* _WORK TO COMPLETE_
Print nothing except the lines of the listing below from the line with "Отвинтите винт, расположенный" to the line with "The Free State", each exactly as written, both ends included.

* _SOURCE MATERIAL_
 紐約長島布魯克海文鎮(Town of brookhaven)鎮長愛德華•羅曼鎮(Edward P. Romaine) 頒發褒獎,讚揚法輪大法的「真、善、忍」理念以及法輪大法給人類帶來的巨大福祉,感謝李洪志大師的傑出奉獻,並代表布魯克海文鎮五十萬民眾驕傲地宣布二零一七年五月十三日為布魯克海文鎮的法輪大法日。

...

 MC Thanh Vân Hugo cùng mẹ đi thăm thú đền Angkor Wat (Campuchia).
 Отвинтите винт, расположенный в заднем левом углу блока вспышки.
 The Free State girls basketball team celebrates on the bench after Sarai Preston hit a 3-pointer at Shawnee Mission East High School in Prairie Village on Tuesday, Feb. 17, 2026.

* _EXERCISE SOLUTION_
 Отвинтите винт, расположенный в заднем левом углу блока вспышки.
 The Free State girls basketball team celebrates on the bench after Sarai Preston hit a 3-pointer at Shawnee Mission East High School in Prairie Village on Tuesday, Feb. 17, 2026.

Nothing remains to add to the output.